What you have to do: For the data below, transcribe the part that opens with the line containing "结合银行的客户生命周期和成长" and closes with the line containing "김치냉장고의 특성상 24시간", exactly and with no pictures.

Data for review:
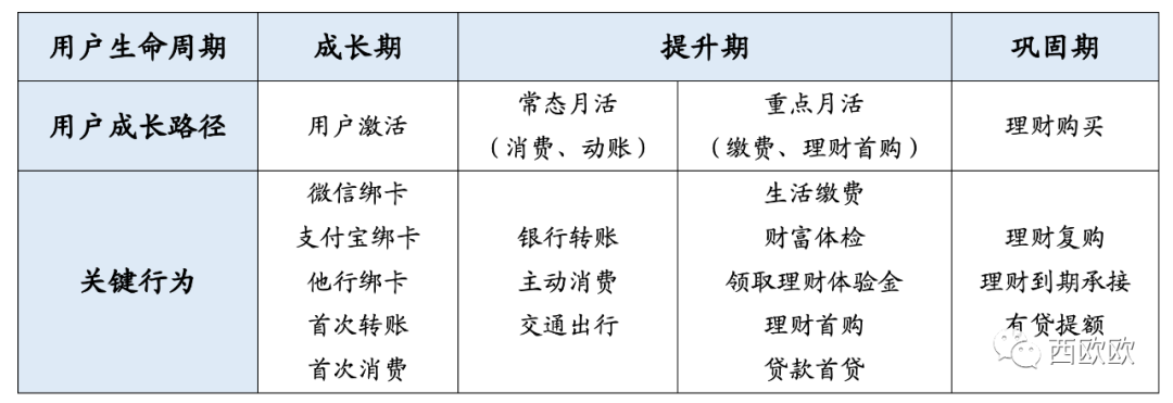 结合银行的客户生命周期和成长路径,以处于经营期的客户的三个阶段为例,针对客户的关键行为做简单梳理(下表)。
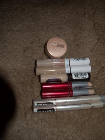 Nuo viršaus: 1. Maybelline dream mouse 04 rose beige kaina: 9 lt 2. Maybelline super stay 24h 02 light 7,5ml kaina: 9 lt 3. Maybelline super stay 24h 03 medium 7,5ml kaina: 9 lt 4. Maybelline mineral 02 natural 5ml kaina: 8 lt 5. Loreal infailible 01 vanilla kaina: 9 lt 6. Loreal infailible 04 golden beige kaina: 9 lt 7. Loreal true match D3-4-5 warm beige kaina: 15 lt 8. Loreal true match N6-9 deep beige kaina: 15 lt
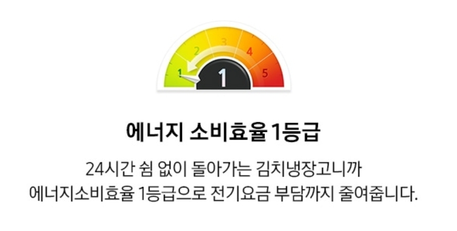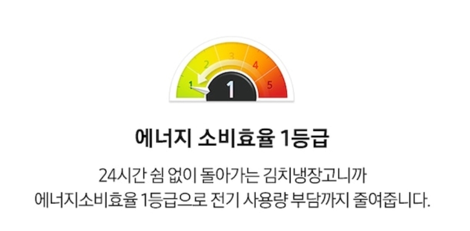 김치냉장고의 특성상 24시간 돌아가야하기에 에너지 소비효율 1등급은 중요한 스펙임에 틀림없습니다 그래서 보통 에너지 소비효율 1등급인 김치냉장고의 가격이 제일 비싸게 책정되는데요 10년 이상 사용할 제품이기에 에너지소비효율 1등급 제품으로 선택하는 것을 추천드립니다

==

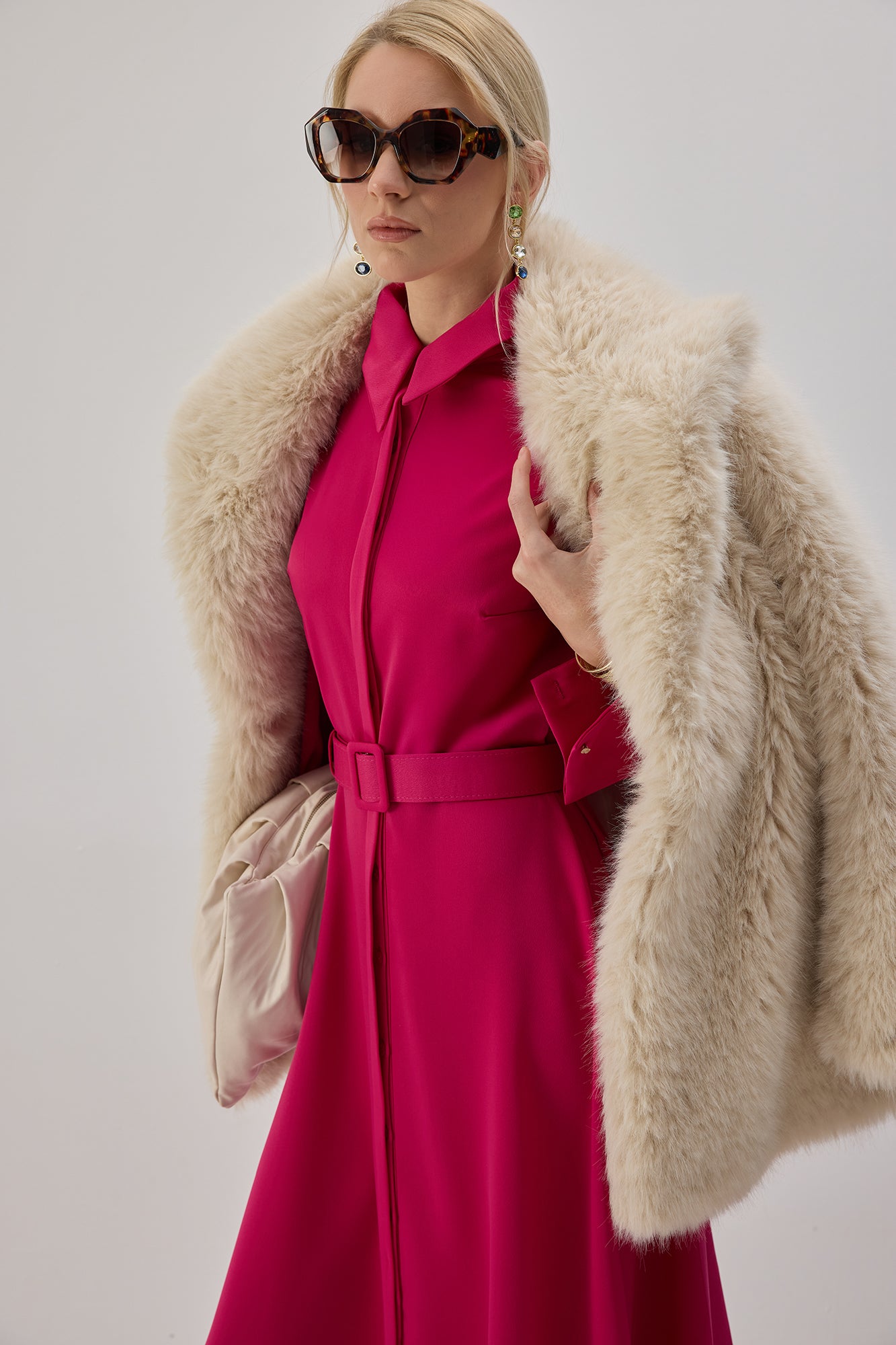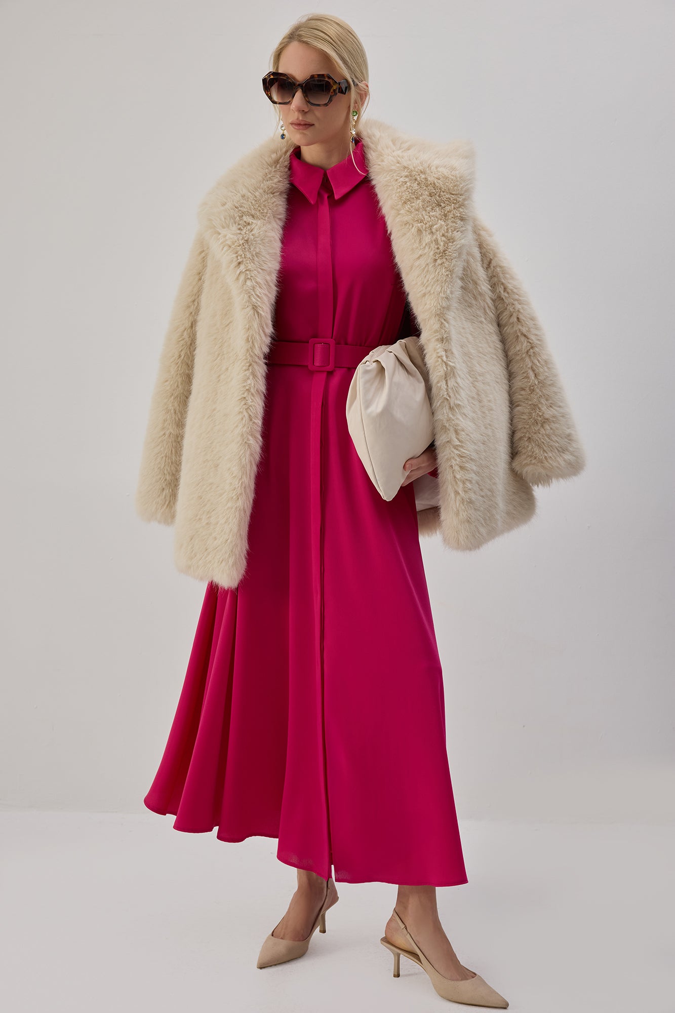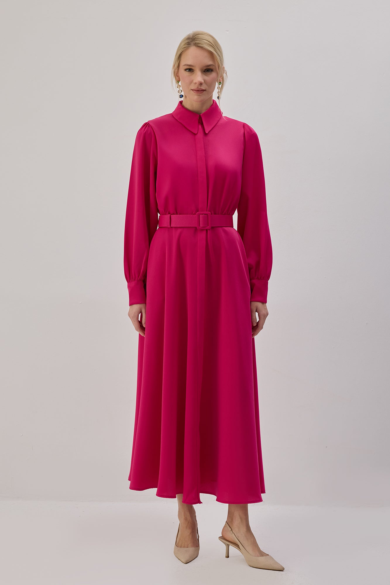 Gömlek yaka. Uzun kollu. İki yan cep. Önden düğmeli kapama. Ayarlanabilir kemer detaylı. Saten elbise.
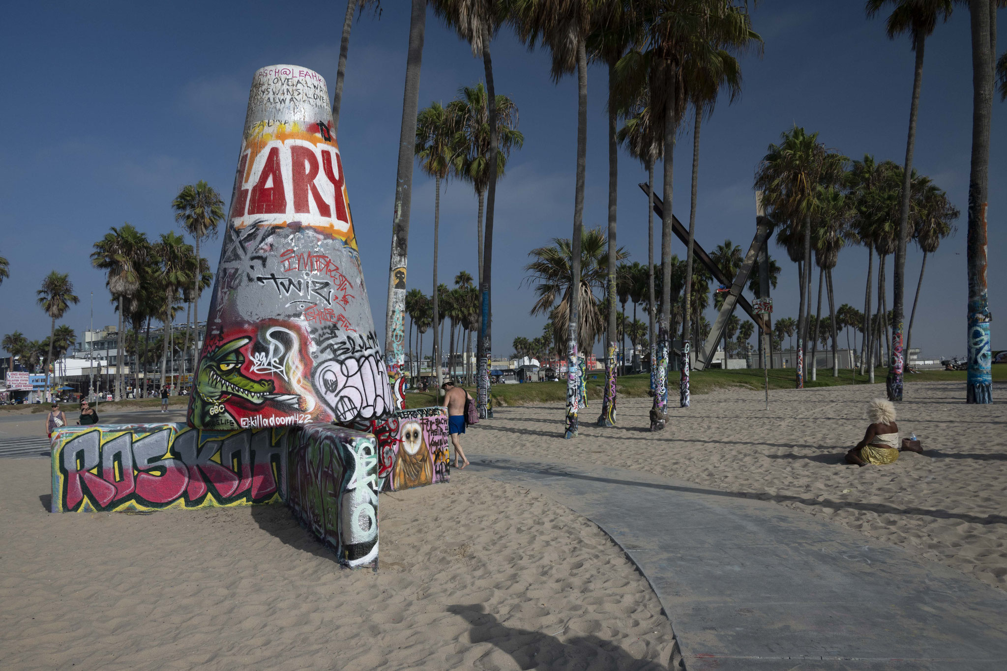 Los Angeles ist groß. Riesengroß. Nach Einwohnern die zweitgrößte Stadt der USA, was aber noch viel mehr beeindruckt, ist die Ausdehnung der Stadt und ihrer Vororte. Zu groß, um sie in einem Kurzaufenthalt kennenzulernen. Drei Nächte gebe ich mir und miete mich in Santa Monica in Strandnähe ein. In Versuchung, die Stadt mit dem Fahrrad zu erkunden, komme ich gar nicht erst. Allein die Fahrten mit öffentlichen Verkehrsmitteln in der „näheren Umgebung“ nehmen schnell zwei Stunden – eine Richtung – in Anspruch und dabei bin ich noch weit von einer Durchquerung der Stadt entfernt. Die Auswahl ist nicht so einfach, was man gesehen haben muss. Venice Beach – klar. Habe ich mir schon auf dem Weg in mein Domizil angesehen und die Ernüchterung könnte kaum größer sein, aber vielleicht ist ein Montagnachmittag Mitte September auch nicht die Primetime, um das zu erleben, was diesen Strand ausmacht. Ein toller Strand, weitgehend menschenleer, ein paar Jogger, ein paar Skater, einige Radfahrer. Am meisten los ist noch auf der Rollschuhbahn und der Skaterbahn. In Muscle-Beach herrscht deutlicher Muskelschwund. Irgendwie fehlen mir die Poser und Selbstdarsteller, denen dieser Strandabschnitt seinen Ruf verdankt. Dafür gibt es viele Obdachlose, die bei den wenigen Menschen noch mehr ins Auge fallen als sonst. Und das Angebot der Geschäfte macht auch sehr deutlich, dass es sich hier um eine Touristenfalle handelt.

* * *

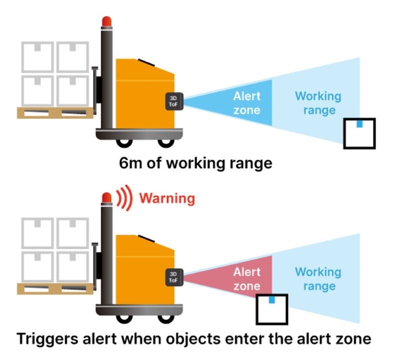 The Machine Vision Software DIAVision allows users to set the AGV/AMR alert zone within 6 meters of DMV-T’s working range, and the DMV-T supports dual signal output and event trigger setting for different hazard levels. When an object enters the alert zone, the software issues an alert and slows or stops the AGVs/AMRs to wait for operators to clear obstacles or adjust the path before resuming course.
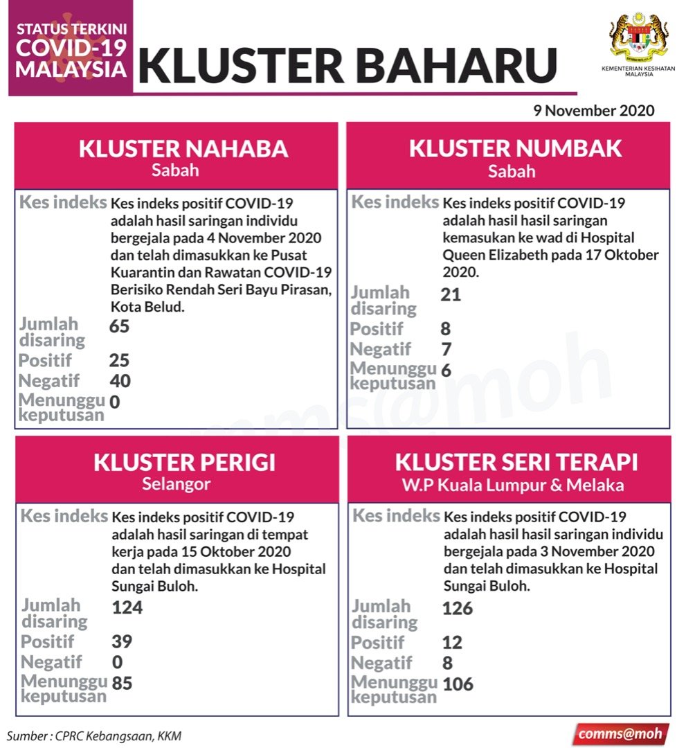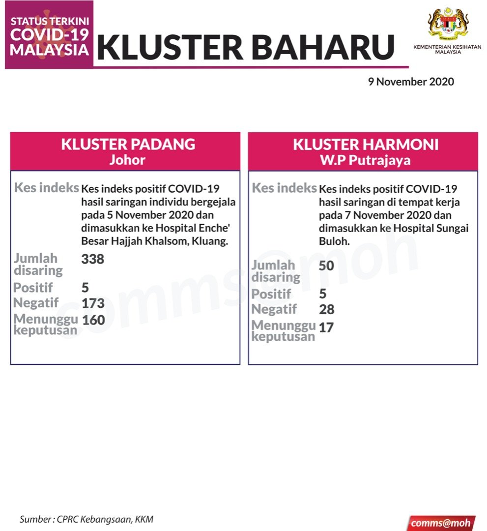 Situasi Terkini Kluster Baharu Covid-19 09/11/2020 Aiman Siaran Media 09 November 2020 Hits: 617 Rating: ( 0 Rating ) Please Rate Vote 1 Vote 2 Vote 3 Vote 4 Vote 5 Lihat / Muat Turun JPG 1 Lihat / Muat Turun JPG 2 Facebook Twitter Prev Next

Answer section:
 结合银行的客户生命周期和成长路径,以处于经营期的客户的三个阶段为例,针对客户的关键行为做简单梳理(下表)。
 Nuo viršaus: 1. Maybelline dream mouse 04 rose beige kaina: 9 lt 2. Maybelline super stay 24h 02 light 7,5ml kaina: 9 lt 3. Maybelline super stay 24h 03 medium 7,5ml kaina: 9 lt 4. Maybelline mineral 02 natural 5ml kaina: 8 lt 5. Loreal infailible 01 vanilla kaina: 9 lt 6. Loreal infailible 04 golden beige kaina: 9 lt 7. Loreal true match D3-4-5 warm beige kaina: 15 lt 8. Loreal true match N6-9 deep beige kaina: 15 lt
 김치냉장고의 특성상 24시간 돌아가야하기에 에너지 소비효율 1등급은 중요한 스펙임에 틀림없습니다 그래서 보통 에너지 소비효율 1등급인 김치냉장고의 가격이 제일 비싸게 책정되는데요 10년 이상 사용할 제품이기에 에너지소비효율 1등급 제품으로 선택하는 것을 추천드립니다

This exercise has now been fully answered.